One small addition to Brendan's fine answer. From the article you linked, your goal is: "an implementation in which every call to a subroutine always returns in exactly x seconds, where x is the maximum time it ever takes to execute that routine on every possible authorized input." One way to achieve that is to take a high-precision time stamp at the beginning of the function, and then sit in a loop at the end of the function (doing meaningless computations similar to the actual algorithm) until x amount of has passed.Demilitarize
M
6

In the for loop i is incremented by 8 if sizeof(t[0]) is 4.

But I don't understand the reasons why we skip 32 bytes, and not read it fully (to protect against cache timing attacks)?

In the for loop, i is incremented by the equivalent of 32 chars (regardless of what sizeof(t[0]) happens to be) because "32 chars" (or 32 bytes) is what the authors determined is the minimum cache line size for all CPUs they care about. Note that you only need to read from 1 byte of the cache line to ensure that the entire cache line is fetched into cache.

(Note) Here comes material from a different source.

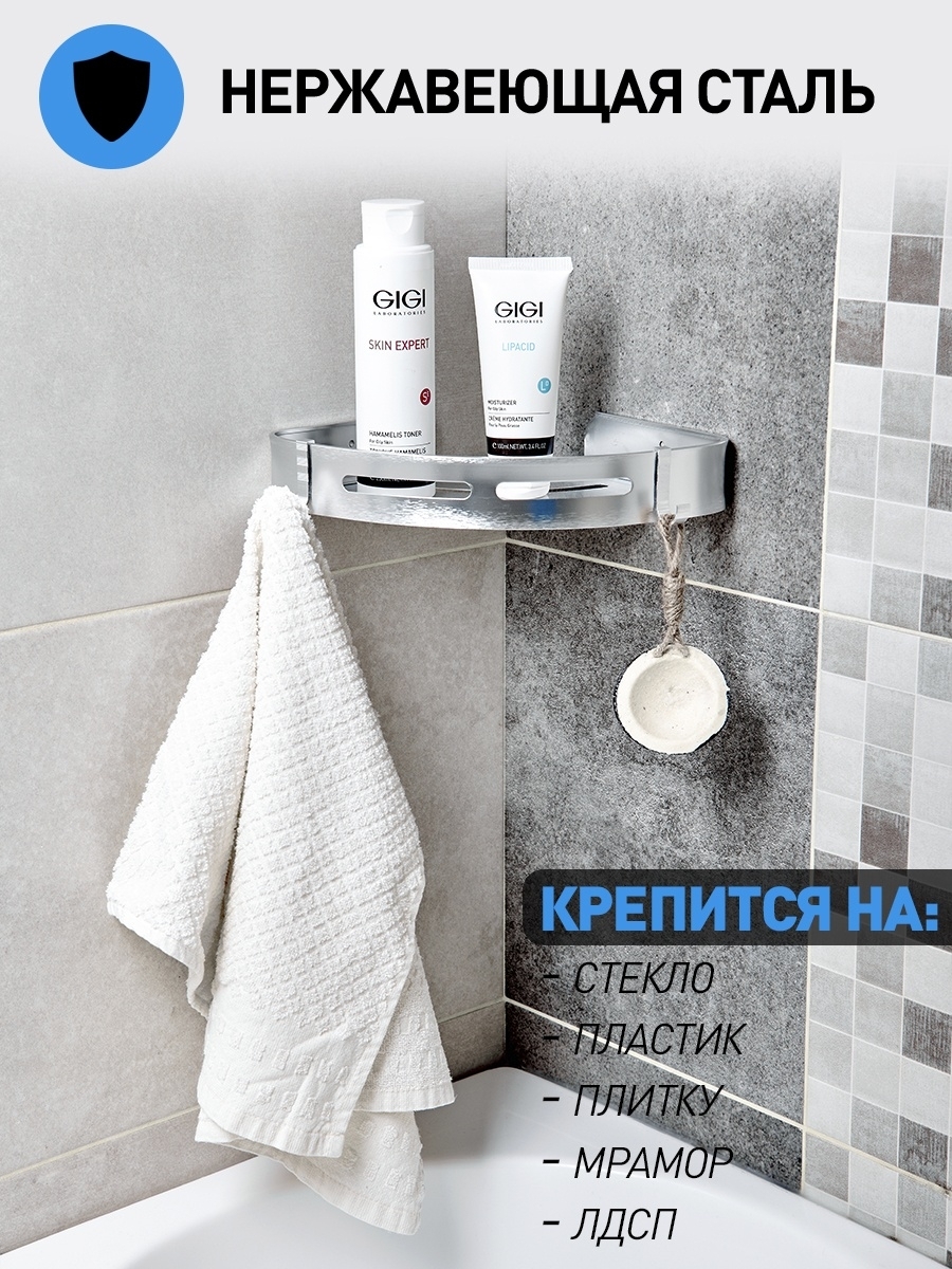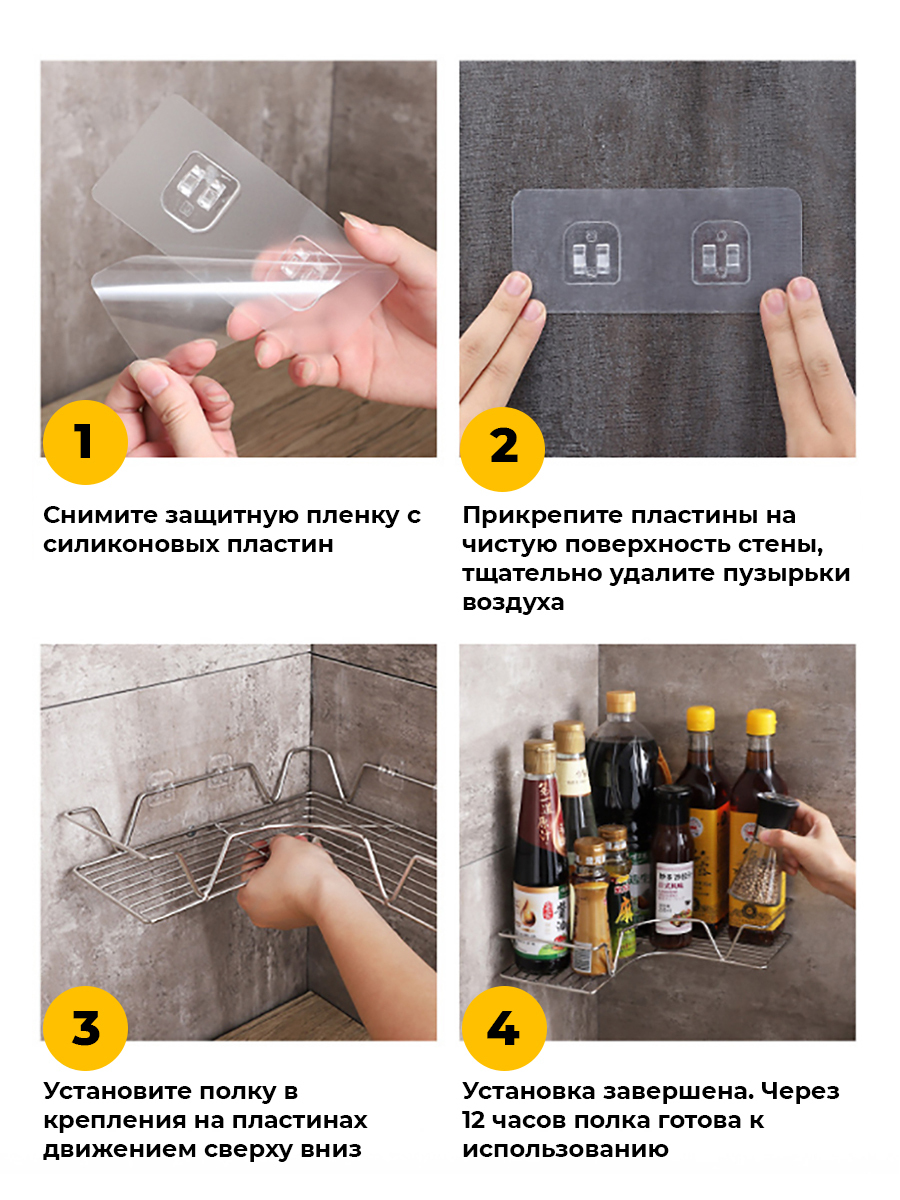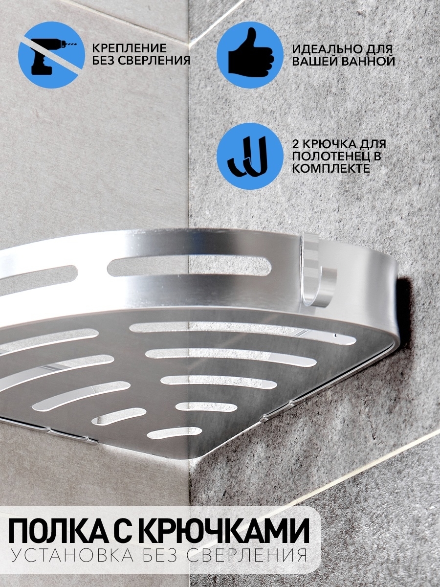 Полка для ванной угловая на силиконовом креплении/ Полка металлическая для кухни/ Полка в ванную
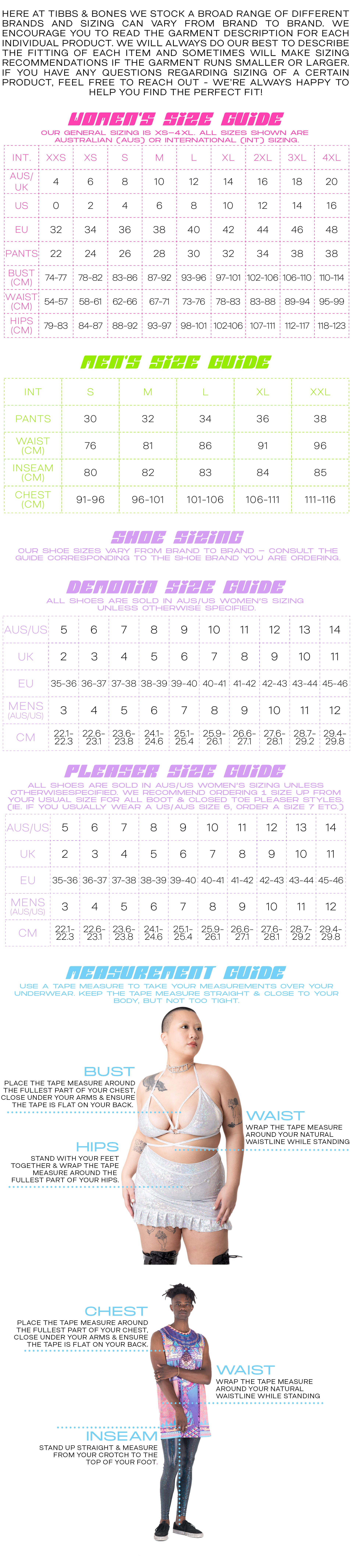 Please be sure to read item descriptions thoroughly before purchasing. If you require further information on an item or sizing, please be sure to contact us at help@tibbsandbones.com or +61413737796. Keep in mind that colours of items may vary slightly on different computer/phone screen displays.

What is the motivation behind sum ^= t[i] and setting ret = sum ?

A good compiler will notice that the data you're reading is not used, and will avoid doing an "unnecessary" (for correctness of the "C abstract machine") read to improve performance without knowing that the "unnecessary" read is necessary for reasons that the compiler can't be expected to know about. To prevent the compiler from optimizing like that you need to trick it into thinking the data is actually used, or use volatile. The OpenSSL authors are doing both (trying to trick the compiler into not optimizing by doing the sum ^= t[i] and ret sum; and also using volatile), possibly because (historically) plenty of old compilers had bugs involving volatile.

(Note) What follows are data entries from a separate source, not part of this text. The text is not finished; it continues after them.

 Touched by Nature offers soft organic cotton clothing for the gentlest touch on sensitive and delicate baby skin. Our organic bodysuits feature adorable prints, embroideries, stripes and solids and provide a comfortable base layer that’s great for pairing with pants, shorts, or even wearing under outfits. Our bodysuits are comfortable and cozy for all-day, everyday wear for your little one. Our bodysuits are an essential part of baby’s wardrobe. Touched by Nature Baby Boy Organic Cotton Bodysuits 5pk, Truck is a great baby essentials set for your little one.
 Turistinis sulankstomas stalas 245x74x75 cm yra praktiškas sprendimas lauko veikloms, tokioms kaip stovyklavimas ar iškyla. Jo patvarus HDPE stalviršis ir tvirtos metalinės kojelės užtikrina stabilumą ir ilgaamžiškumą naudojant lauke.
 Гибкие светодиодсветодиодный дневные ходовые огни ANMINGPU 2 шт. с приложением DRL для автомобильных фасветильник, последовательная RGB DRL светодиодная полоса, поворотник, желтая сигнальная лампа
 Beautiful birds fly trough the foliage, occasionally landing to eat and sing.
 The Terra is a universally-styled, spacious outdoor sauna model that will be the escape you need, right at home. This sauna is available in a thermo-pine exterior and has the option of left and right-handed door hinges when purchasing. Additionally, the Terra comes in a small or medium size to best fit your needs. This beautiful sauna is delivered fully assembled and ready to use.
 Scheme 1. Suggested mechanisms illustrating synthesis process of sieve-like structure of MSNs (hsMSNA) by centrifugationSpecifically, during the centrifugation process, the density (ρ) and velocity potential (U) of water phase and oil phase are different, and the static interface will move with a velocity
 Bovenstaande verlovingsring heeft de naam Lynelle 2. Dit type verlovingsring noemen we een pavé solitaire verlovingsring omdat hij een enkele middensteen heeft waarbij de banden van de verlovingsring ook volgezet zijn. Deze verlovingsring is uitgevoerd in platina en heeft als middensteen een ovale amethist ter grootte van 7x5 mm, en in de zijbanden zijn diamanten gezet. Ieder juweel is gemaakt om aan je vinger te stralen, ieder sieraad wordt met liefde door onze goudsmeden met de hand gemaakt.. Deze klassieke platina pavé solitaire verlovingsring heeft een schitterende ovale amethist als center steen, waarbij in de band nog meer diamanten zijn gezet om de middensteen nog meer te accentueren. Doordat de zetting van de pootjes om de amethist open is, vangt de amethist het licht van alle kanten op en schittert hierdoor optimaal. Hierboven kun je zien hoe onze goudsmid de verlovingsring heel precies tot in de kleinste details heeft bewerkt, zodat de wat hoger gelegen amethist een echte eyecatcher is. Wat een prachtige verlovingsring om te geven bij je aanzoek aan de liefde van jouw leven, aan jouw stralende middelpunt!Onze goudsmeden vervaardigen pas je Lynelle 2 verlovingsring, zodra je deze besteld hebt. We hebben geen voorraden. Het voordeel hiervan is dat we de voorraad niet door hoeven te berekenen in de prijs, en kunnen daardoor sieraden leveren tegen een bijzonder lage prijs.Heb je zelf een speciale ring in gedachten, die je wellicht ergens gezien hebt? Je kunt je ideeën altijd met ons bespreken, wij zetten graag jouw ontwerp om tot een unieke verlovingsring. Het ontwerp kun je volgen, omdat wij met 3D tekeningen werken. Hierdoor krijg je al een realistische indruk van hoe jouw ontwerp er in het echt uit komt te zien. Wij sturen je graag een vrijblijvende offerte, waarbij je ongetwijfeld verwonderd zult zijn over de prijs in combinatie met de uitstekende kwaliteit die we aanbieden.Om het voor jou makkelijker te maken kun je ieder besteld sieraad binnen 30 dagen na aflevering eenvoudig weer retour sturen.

Also note that there's still a very tiny timing problem - cache could be flushed (e.g. by task switch, etc) after the data was prefetched but before part of the table is used for AES; so there's an (extremely tiny) chance that an attacker can still use a cache timing attack to determine which part of the table AES used. See "Confidence In Cache Timing Attack Prevention" (below).

Will this following simpler code help me:

It's very likely that the compiler will turn your code into literally nothing (and if it didn't, it'd have the same problems as prefetch256() and may be slower because you're writing to memory rather than only reading).

Are there other simpler solutions to protect my implementation from cache timing attacks?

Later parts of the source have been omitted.